The Manhattan Transfer
 Cheryl Bentyne – vocals, arrangements (7)
 Tim Hauser – vocals, arrangements (4, 7, 8), vocal arrangement (8)
 Alan Paul – vocals, arrangements (6, 7)
 Janis Siegel – vocals, vocal arrangement (1, 2, 8), arrangements (7, 8)

Musicians
 Michael Omartian – acoustic piano (1, 7), rhythm arrangements (1)

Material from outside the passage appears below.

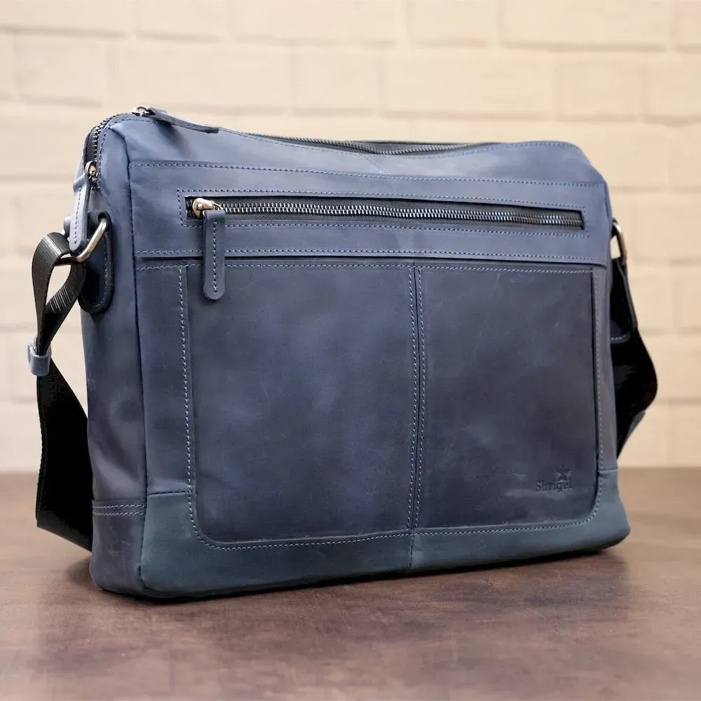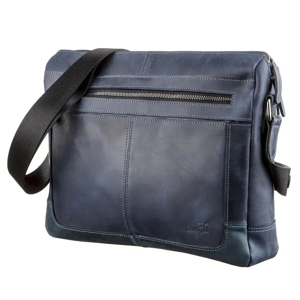 Ділова чоловіча шкіряна сумка на плече SHVIGEL 11249 Синя

 Michael Boddicker – synthesizers (1, 4, 6), synthesizer programming (2), vocoder (4)
 Greg Mathieson – synthesizers (2), bass (2), rhythm arrangements (2, 8), synth solo (3), arrangements (4), acoustic piano (8), Fender Rhodes (8)
 David Foster – acoustic piano (3), synthesizers (3), arrangements (3)

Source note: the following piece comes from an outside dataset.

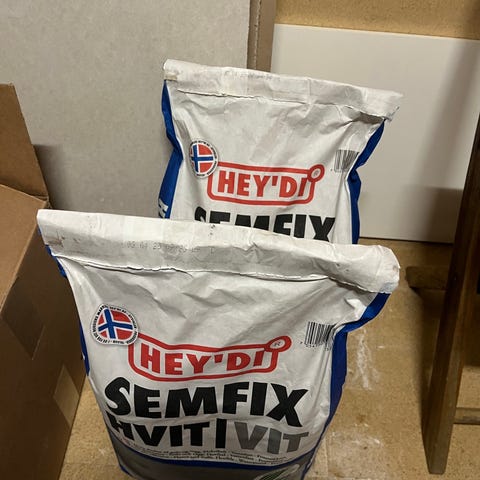 Opprinnelig 15kg sekk med flislim, brukt ca. 4kg.

 Ian Underwood – synthesizers (3)
 Jay Graydon – vocal arrangements (2), synthesizers (3), guitar (3, 6, 7), arrangements (3, 6, 7), muted guitars (6), guitar solo (6), additional vocals (6), gut-string guitar (8), synthesizer programming (8)
 Bill Mays – acoustic piano (5)
 Jai Winding – acoustic piano (6)
 Jimmy Wyble – rhythm guitar (2)
 Steve Lukather – rhythm guitar (6)
 Dean Parks – guitar (7), electric guitar (8)

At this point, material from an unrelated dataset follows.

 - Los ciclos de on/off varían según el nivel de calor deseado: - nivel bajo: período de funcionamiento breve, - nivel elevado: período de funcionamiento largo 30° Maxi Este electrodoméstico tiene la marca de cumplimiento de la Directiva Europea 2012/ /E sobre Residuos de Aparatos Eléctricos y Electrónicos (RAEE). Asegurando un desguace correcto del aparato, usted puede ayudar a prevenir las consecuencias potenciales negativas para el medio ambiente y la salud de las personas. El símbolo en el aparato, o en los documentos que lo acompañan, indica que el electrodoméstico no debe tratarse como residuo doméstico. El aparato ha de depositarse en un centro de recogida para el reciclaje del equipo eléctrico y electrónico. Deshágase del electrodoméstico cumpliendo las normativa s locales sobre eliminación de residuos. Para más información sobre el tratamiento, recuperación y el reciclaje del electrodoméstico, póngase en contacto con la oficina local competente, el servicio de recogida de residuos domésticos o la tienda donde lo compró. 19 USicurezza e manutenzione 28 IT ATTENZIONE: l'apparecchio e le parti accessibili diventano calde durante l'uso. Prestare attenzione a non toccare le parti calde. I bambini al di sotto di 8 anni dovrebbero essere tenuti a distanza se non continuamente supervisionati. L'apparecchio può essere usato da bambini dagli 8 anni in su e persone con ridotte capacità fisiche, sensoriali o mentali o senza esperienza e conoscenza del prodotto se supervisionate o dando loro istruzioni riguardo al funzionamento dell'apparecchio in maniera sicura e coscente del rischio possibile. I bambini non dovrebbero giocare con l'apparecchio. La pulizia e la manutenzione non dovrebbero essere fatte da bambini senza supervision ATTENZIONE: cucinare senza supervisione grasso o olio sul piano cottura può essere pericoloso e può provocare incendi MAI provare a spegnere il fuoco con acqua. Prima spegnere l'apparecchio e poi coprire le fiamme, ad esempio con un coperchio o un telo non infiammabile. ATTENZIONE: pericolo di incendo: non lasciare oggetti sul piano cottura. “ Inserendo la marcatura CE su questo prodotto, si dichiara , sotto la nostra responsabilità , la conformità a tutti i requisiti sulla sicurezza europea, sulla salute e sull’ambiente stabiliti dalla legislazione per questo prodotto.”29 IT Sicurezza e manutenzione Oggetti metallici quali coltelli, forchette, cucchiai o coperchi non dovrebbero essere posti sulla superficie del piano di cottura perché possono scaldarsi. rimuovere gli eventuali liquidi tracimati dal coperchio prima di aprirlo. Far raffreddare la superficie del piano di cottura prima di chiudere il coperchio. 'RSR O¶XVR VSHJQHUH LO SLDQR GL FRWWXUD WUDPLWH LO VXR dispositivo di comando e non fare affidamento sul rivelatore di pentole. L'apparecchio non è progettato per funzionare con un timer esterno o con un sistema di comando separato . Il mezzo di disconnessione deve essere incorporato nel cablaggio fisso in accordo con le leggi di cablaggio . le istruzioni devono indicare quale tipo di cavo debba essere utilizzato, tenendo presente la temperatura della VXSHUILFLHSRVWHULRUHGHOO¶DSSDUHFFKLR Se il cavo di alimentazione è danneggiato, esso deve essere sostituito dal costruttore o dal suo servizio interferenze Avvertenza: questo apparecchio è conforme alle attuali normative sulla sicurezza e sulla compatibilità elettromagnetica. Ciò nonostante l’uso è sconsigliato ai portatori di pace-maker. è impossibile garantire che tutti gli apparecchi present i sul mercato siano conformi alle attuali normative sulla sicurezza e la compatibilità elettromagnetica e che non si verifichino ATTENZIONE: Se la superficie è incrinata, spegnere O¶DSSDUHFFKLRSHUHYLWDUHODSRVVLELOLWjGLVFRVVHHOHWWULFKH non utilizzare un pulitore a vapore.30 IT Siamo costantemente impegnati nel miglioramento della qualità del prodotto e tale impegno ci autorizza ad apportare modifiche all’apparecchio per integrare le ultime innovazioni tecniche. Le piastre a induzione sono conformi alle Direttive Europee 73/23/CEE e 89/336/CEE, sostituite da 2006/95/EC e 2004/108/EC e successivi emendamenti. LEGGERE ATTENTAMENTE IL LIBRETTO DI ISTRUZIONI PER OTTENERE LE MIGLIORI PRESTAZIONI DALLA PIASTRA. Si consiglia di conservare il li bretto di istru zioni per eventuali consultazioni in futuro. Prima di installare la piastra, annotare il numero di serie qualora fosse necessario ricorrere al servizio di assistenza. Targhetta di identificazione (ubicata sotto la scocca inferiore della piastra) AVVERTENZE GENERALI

 David Hungate – bass (1, 2, 3, 6)
 Chuck Domanico – bass (5)
 Abraham Laboriel – bass (7)
 Andy Muson – bass (8)
 Ralph Humphrey – drums (1, 2, 3, 5, 7)
 Jeff Porcaro – drums (1, 6), anvil (6), bongos (6) 
 Alex Acuña – drums (8)
 Paulinho da Costa – congas (7), percussion (8)
 Richie Cole – alto saxophone (1), alto sax solo (8)
 Don Roberts – piccolo flute (6), tenor sax solo (7)
 Phil Mattson – arrangements (5)
 Gene Puerling – arrangements (9)
 Clare Fischer – conductor (9)

Production 
 Producer, Mixing and Overdub Tracking – Jay Graydon
 Basic Tracks recorded by Joseph Bogan and Bill Thomas.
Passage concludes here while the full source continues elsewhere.